TASK MATERIAL:

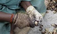 This is the most difficult operation in cashew processing. In India shelling is mostly done by cheap female labour. Shelling is carried out by using special wooden mallets and pieces of bent wire, at a rate of about 200 nuts per hour.
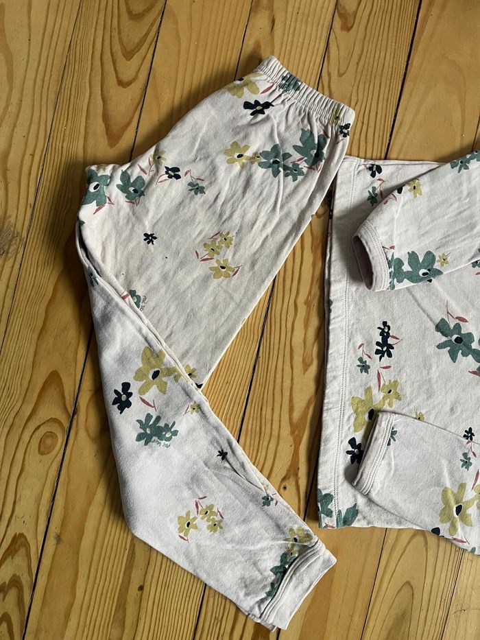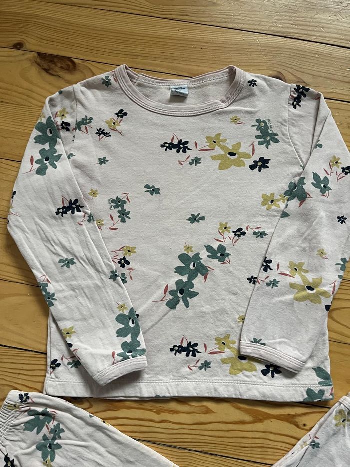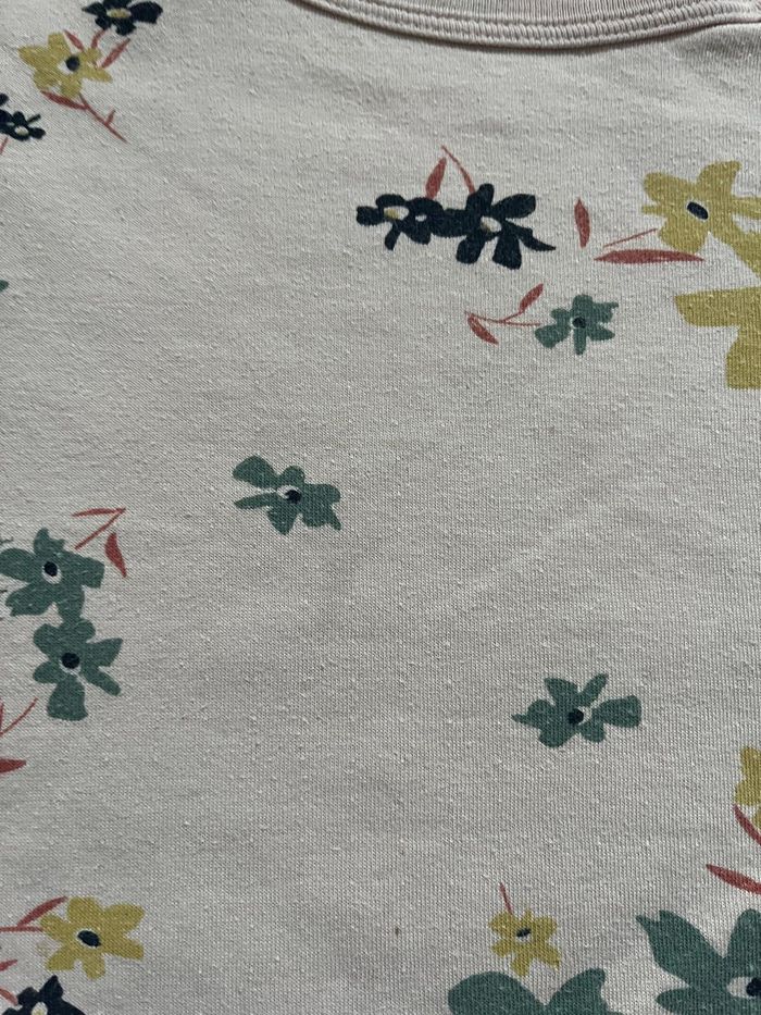 Pyjama rose à fleurs, en tubique Porté, très bon état. Quelques mini bouloches d'usage qui commencent à apparaître, mais vraiment léger
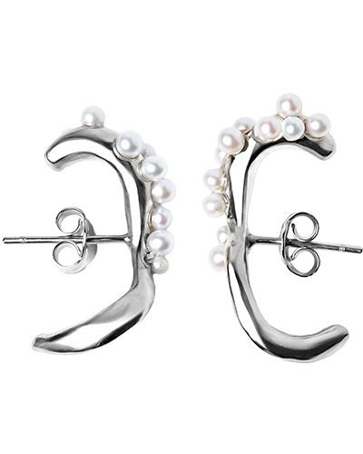 The Wave Earrings are crafted in sterling silver, featuring an organic, flowing shape. Their sculptural design adds a natural yet bold touch, Sold as a pair.
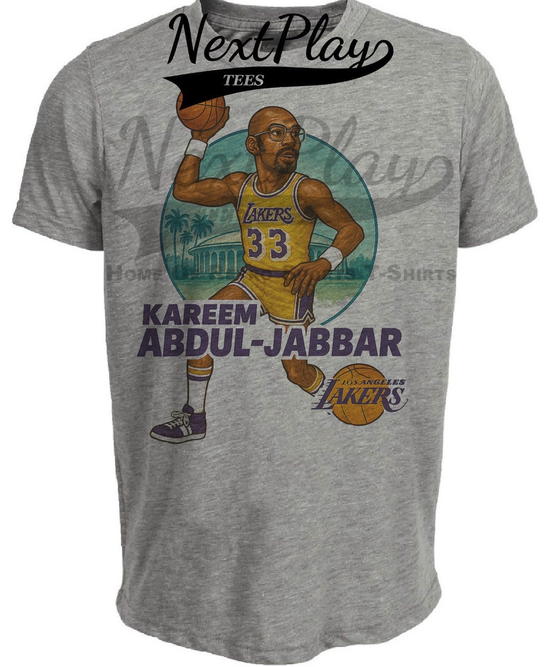 Los Angeles Lakers Kareem Abdul-Jabbar Exclusive Retro Basketball 1984 Artwork Heather Gray Sublimated T-Shirt
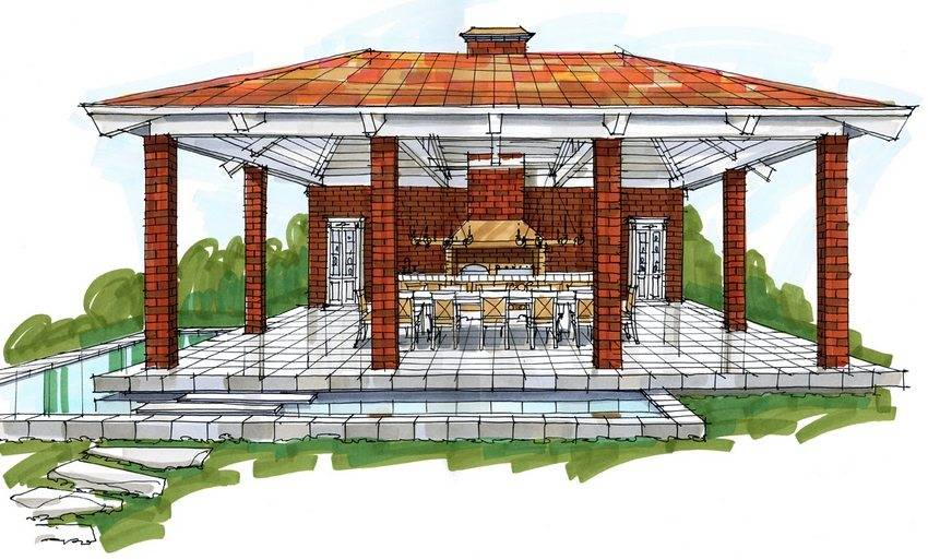 Эскиз открытой беседки с печкой
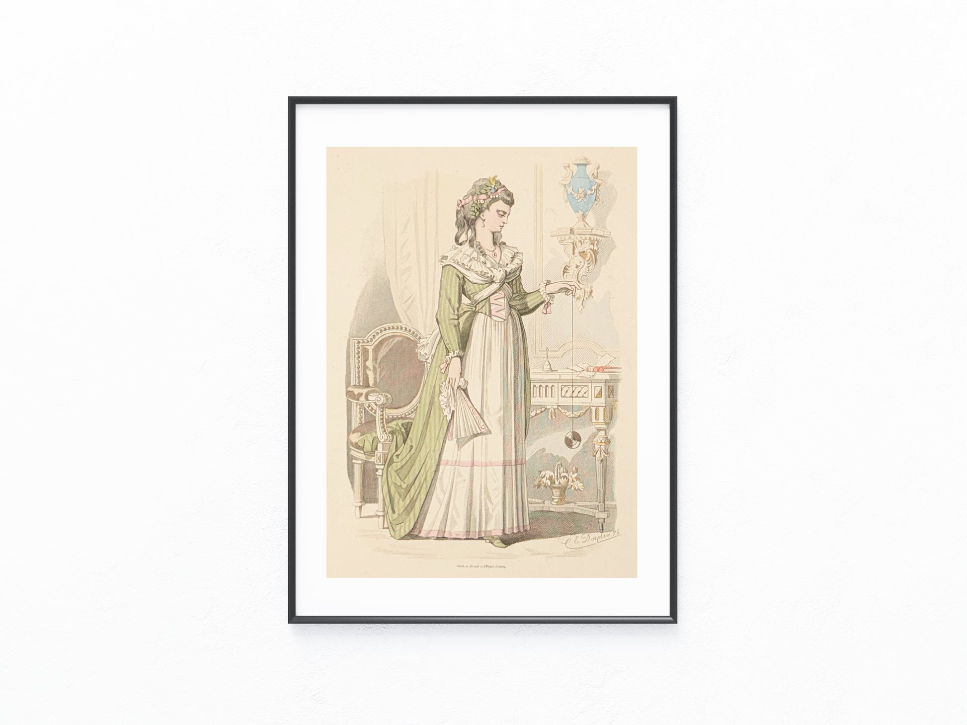 Ein stilvolles Sammlerstück für Liebhaber historischer Mode, Interior-Fans oder als eleganter Wandschmuck im Vintage-Stil.
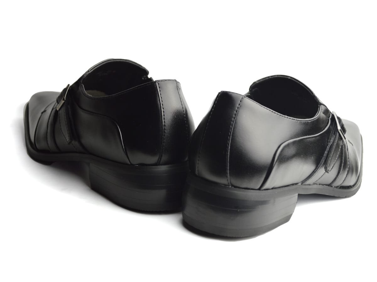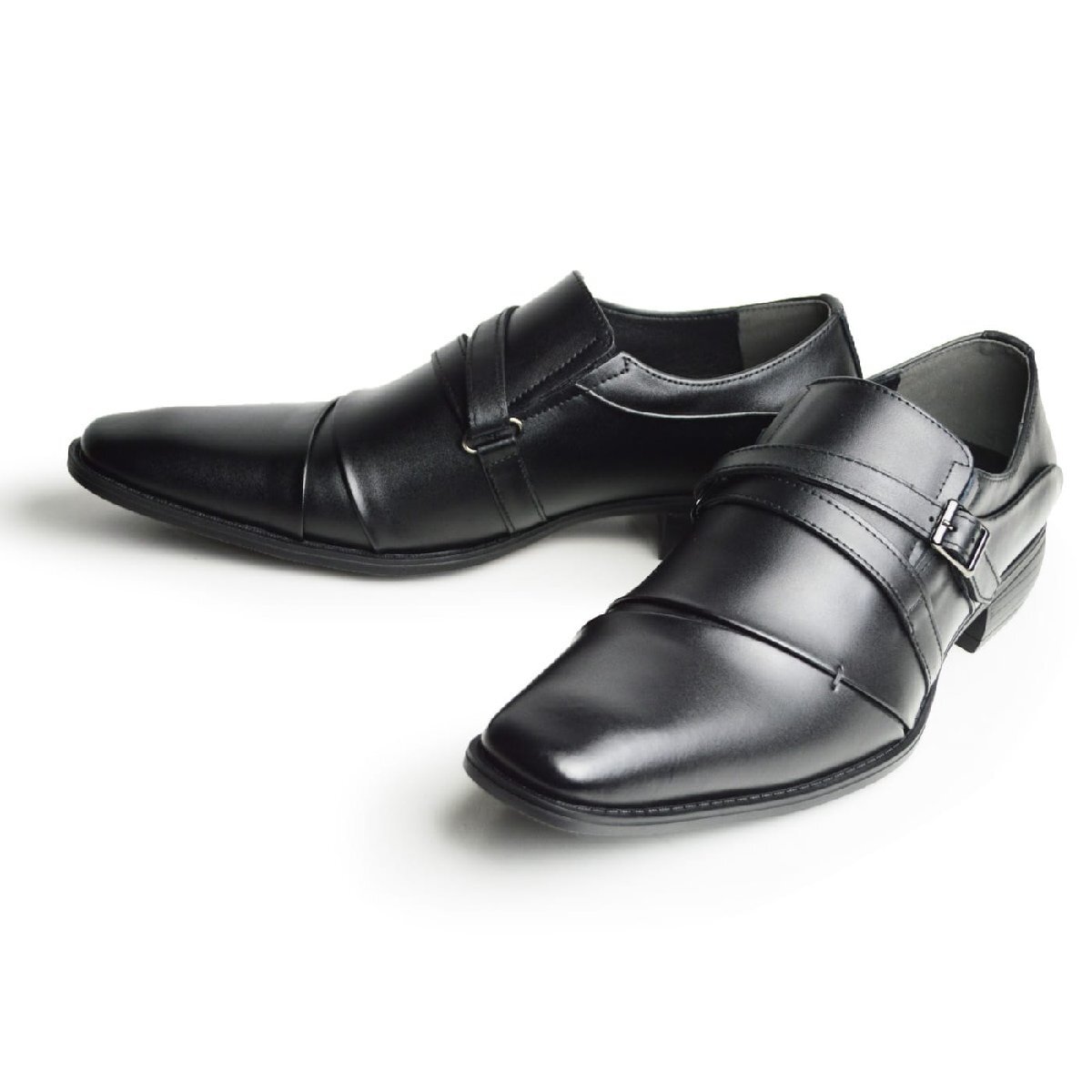 ビジネスシューズ 革靴 サイドゴア スリッポン Wモンク 脚長 スクエアトゥ ロングノーズ 2E 日本製 フォーマル 紳士靴 nc902
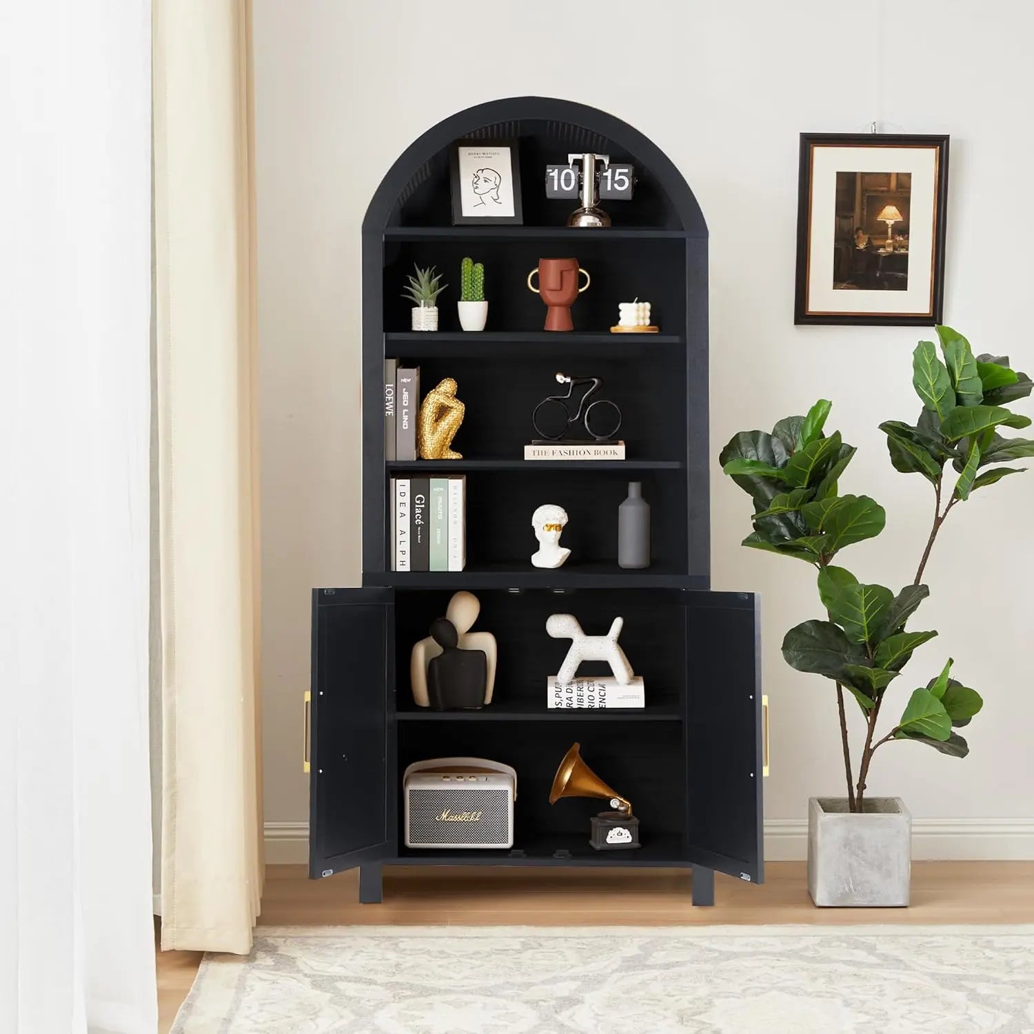 This arched display cabinet‘s spacious interior offers adjustable shelves for versatile storage and display options. while the sleek finish adds a touch of modern elegance. Elevate your living space with our tall arched cabinet. perfect for highlighting your collectibles and enhancing your home’s aesthetic.

ASSIGNED TASK: Inclusive range, exact copy: the line containing "Pyjama rose à" through the last line of the listing. Print nothing else, and no pictures.

TASK SOLUTION:
 Pyjama rose à fleurs, en tubique Porté, très bon état. Quelques mini bouloches d'usage qui commencent à apparaître, mais vraiment léger
 The Wave Earrings are crafted in sterling silver, featuring an organic, flowing shape. Their sculptural design adds a natural yet bold touch, Sold as a pair.
 Los Angeles Lakers Kareem Abdul-Jabbar Exclusive Retro Basketball 1984 Artwork Heather Gray Sublimated T-Shirt
 Эскиз открытой беседки с печкой
 Ein stilvolles Sammlerstück für Liebhaber historischer Mode, Interior-Fans oder als eleganter Wandschmuck im Vintage-Stil.
 ビジネスシューズ 革靴 サイドゴア スリッポン Wモンク 脚長 スクエアトゥ ロングノーズ 2E 日本製 フォーマル 紳士靴 nc902
 This arched display cabinet‘s spacious interior offers adjustable shelves for versatile storage and display options. while the sleek finish adds a touch of modern elegance. Elevate your living space with our tall arched cabinet. perfect for highlighting your collectibles and enhancing your home’s aesthetic.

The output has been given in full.